Activity
Would you retype the whole listing verbatim, keeping pictures out of it?
--- Given material Enclosed Below ---
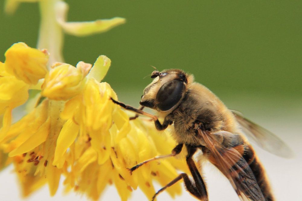 Je me suis assis à la table à l'extérieur pour profiter de la chaleur de l'Alpenzon suisse. Devant moi se tenait un petit vase avec des fleurs jaunes, que certaines abeilles semblent très friandes. J'ai pris mon objectif macro et j'ai cliqué !
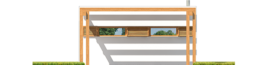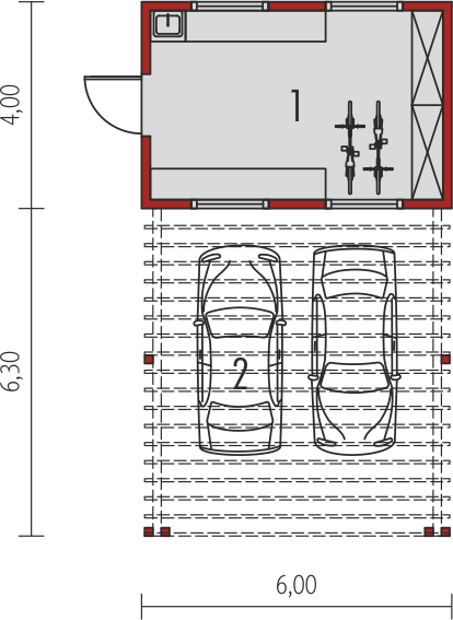 Charakterystyka: Budynek gospodarczy z wiatąTechnologia i konstrukcja:Fundamenty: ławy, bloczki betonowe 20 cmŚciany zewnętrzne: technologia szkieletowa, ściany 17 cm, ocieplenie 14,5 cmPodłoga na gruncie: płyta betonowa 20 cmDach: stropodach drewniany, belka 20 cmWykończenie:Elewacja: tynk cienkowarstwowy mineralny, drewniane ozdobne okienniceStolarka: drewniana lub PCVInne: ażurowa pergola drewniana pełniąca rolę wiaty samochodowejWersje - zapytaj o dostepność:- Budynek gospodarczy G41 (z wiatą) – budynek w wersji murowanej, ściany gr. 18 cm, nieocieplone- Odbicie lustrzaneAtuty projektu okiem architekta:- Przestronna strefa gospodarcza: zlewozmywak, funkcjonalne półki i szafy- Dobrze doświetlone pomieszczenie gospodarcze- Drewniana ażurowa wiata zacieniająca dwa miejsca parkingowe
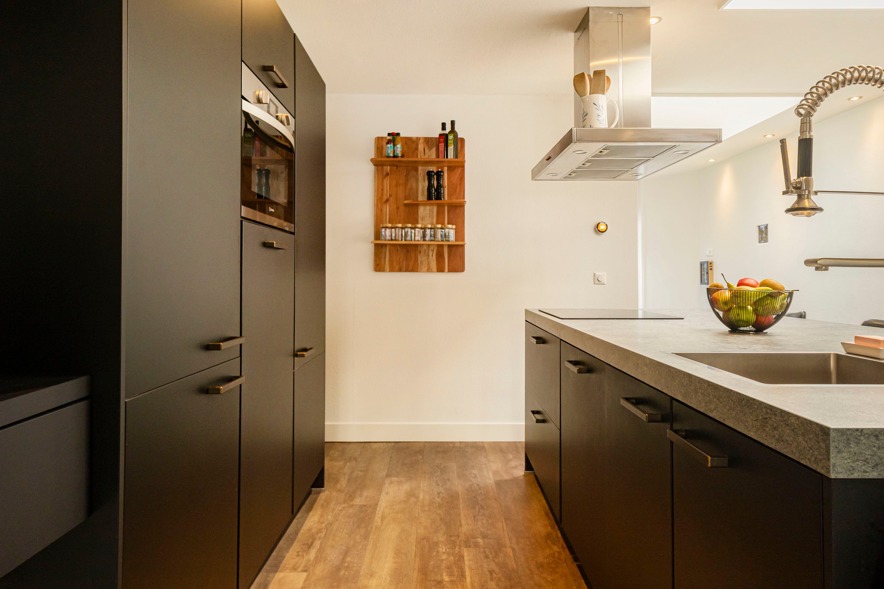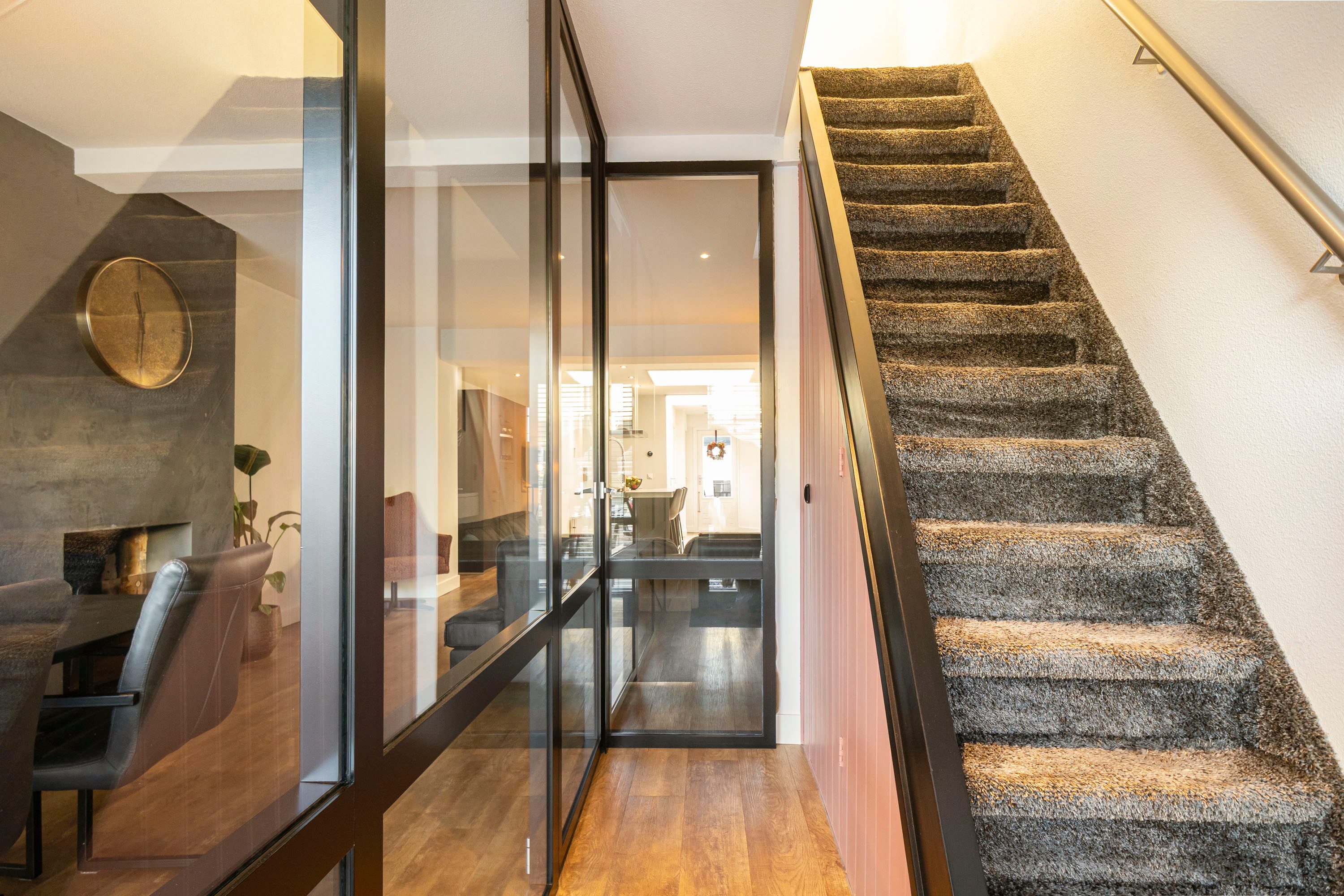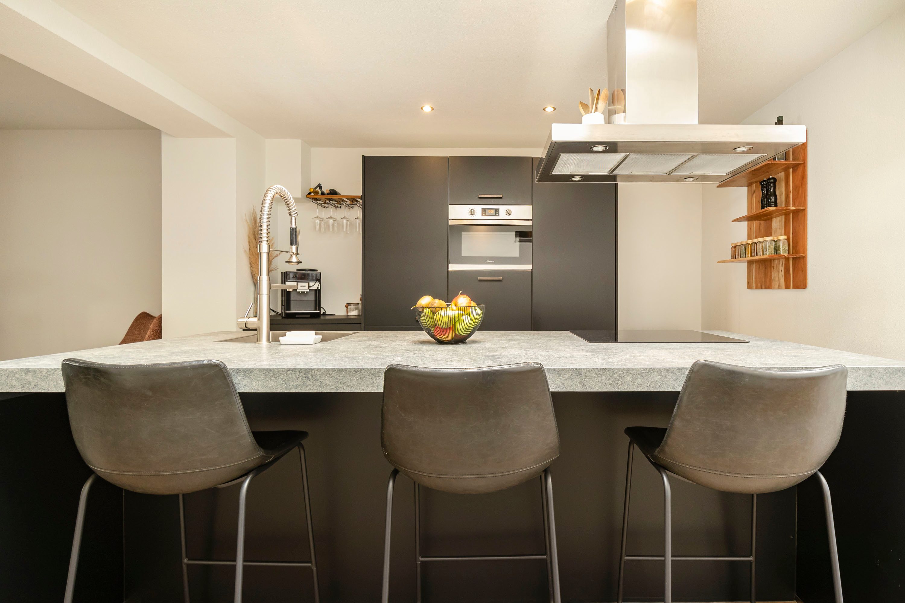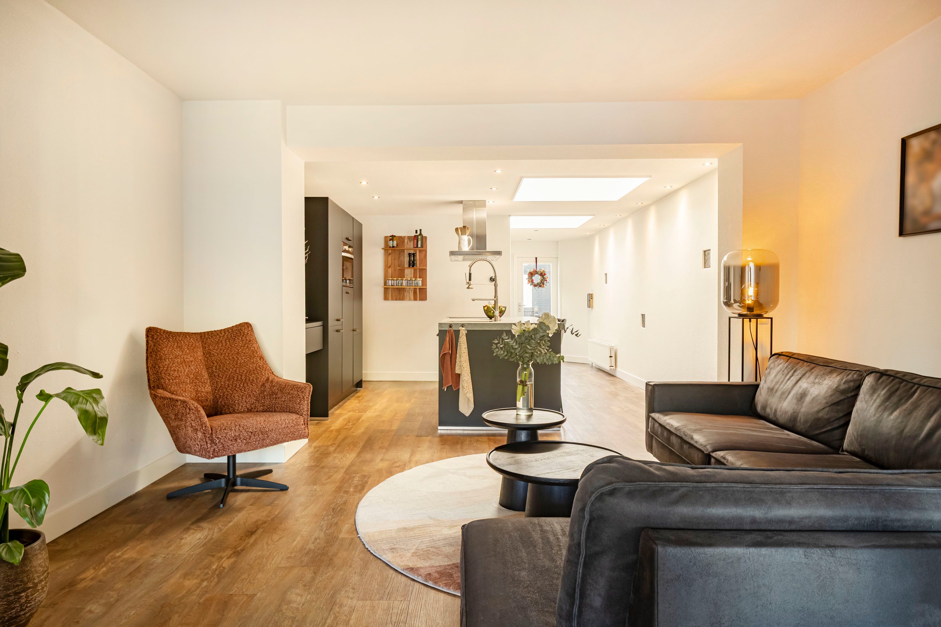 Bij binnenkomst via de entree, waar zich ook de meterkast en de trap bevinden, valt direct de stijlvolle zwarte glazen pui op. Deze eyecatcher biedt een prachtige doorkijk naar de woonkamer en zet meteen de juiste toon voor de rest van het huis. De royale woonkamer ademt sfeer en biedt aan de voorzijde een heerlijke plek voor een grote eettafel in de lichte erker. In het hart van de kamer nodigt de open haard uit tot gezellige avonden in de zithoek. De aangrenzende designkeuken is een droom voor elke kookliefhebber, compleet met een chic kookeiland, zwarte kastenwand en hoogwaardige inbouwapparatuur zoals een inductiekookplaat en oven.
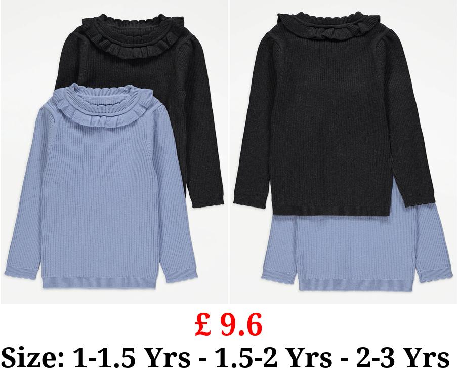 £ 9.6 Ribbed Frill Collar Knitted Jumpers 2 Pack
--- End of Enclosed Given material ---
Problem solution
 Je me suis assis à la table à l'extérieur pour profiter de la chaleur de l'Alpenzon suisse. Devant moi se tenait un petit vase avec des fleurs jaunes, que certaines abeilles semblent très friandes. J'ai pris mon objectif macro et j'ai cliqué !
 Charakterystyka: Budynek gospodarczy z wiatąTechnologia i konstrukcja:Fundamenty: ławy, bloczki betonowe 20 cmŚciany zewnętrzne: technologia szkieletowa, ściany 17 cm, ocieplenie 14,5 cmPodłoga na gruncie: płyta betonowa 20 cmDach: stropodach drewniany, belka 20 cmWykończenie:Elewacja: tynk cienkowarstwowy mineralny, drewniane ozdobne okienniceStolarka: drewniana lub PCVInne: ażurowa pergola drewniana pełniąca rolę wiaty samochodowejWersje - zapytaj o dostepność:- Budynek gospodarczy G41 (z wiatą) – budynek w wersji murowanej, ściany gr. 18 cm, nieocieplone- Odbicie lustrzaneAtuty projektu okiem architekta:- Przestronna strefa gospodarcza: zlewozmywak, funkcjonalne półki i szafy- Dobrze doświetlone pomieszczenie gospodarcze- Drewniana ażurowa wiata zacieniająca dwa miejsca parkingowe
 Bij binnenkomst via de entree, waar zich ook de meterkast en de trap bevinden, valt direct de stijlvolle zwarte glazen pui op. Deze eyecatcher biedt een prachtige doorkijk naar de woonkamer en zet meteen de juiste toon voor de rest van het huis. De royale woonkamer ademt sfeer en biedt aan de voorzijde een heerlijke plek voor een grote eettafel in de lichte erker. In het hart van de kamer nodigt de open haard uit tot gezellige avonden in de zithoek. De aangrenzende designkeuken is een droom voor elke kookliefhebber, compleet met een chic kookeiland, zwarte kastenwand en hoogwaardige inbouwapparatuur zoals een inductiekookplaat en oven.
 £ 9.6 Ribbed Frill Collar Knitted Jumpers 2 Pack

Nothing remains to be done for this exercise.